Greg Brockman just stated in a long post on Twitter yesterday: "...it’s easy to create a continuum of incrementally-better AIs (such as by deploying subsequent checkpoints of a given training run), which presents a safety opportunity very unlike our historical approach of infrequent major model upgrades." [1] This implies OpenAI will be shifting strategy to incrementally releasing future models, so we won't just suddenly see a GPT-5, but GPT-4.x along the way over the next months. The models page you cited also says, "some of our models are now being continually updated," and they will only offer alternative models which are snapshots that are frozen for 3 month windows for those needing more stability in the model.
Sebastien Bubeck gave a talk to MIT CSAIL on the Sparks of AGI paper where he commented on how RLHF (training for more safety) has caused the Unicorn test to become less recognizable [2]. He comments about how the safety training is at odds with a lot of these abilities. This seems congruent with the initial results from this project, and it will be interesting to see if they can restore this ability as they continue to push safety training.

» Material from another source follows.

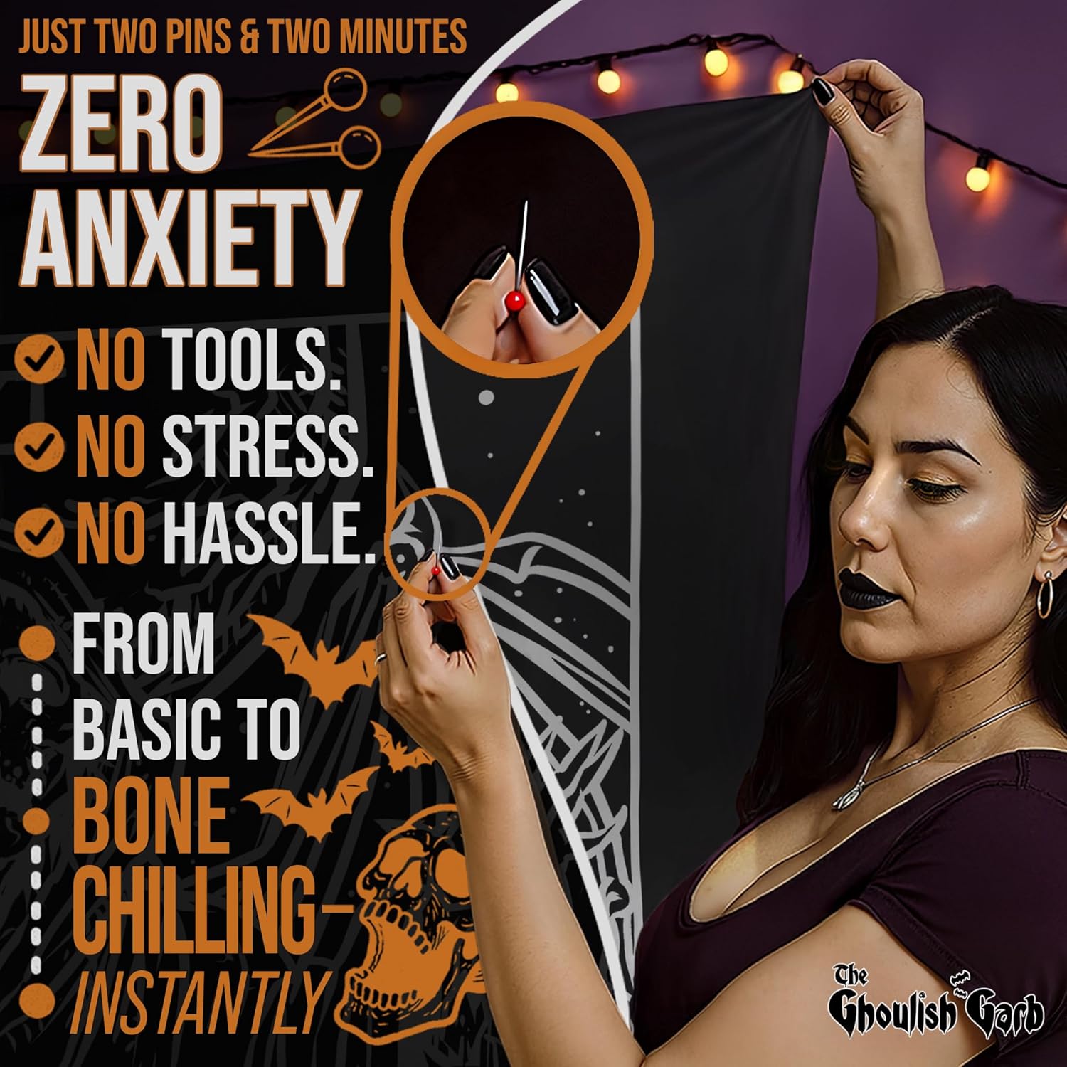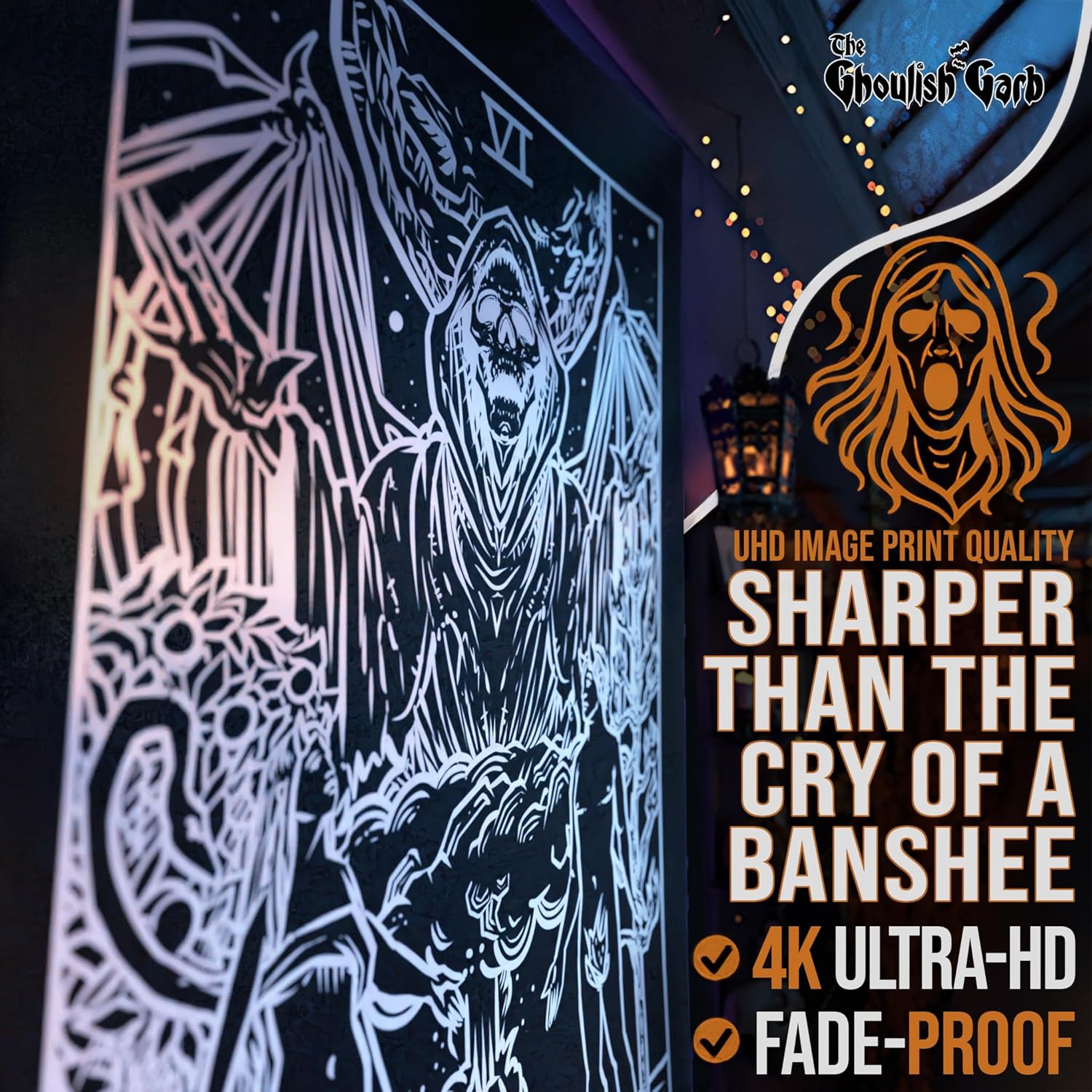 The Lovers Tarot Card Tapestry (Black & White) - Grim Reaper - Gothic Couple Halloween Home Decor Wall Hanging (80" x 68")

My expectation is that there will be incremental updates to the model, so while I'm providing the model `gpt-4` for completions, I'm recording the actual model, `gpt-4-0314` in this case, along with the result.
I don't want to monitor (and potentially miss) model updates, which is likely as this is very much a fire and forget project that I'll review over time. One per day seems more sensible to me than a large batch per month, as the daily generations are more likely to track model changes if they become frequent.
Will be exciting to see where we are in a few months!
But if each image is random, what does an image being "better" one day actually tell you about the underlying model?
That's why I suggested generating 16 models each time instead of just 1 a- if all 16 are noticeably better than the previous day you've learned something a lot more interesting than if just one appears to be better than the previous one.
I don't think any individual sample will tell us much. I think we'll need to review this in 3 months, 6 months, 12 months etc, and look for patterns of changes. Ultimately, this is just a fun side project, something to leave running and check back on once every month or two.
I suggest the author generate a few different examples per day, each with a different temperature setting. 0.0 temperature ought to be deterministic on the same model, but would be interesting to look for trends at higher temperatures over time.
In the talk he specifically mentions the very interesting fact that as they improved "alignment" it affected the unicorn output (negatively if I remember correctly). So as long as "alignment" is changing, the output should change. Not sure but ongoing RLHF, changing "system" prompts etc can and do change while the underlying foundational model need not.
"Running this project daily doesn't make sense if GPT-4 is not being constantly updated"
With a suggestion to run it monthly instead, and generate 16 images at a time, and backfill it for GPT3 and GPT3.5.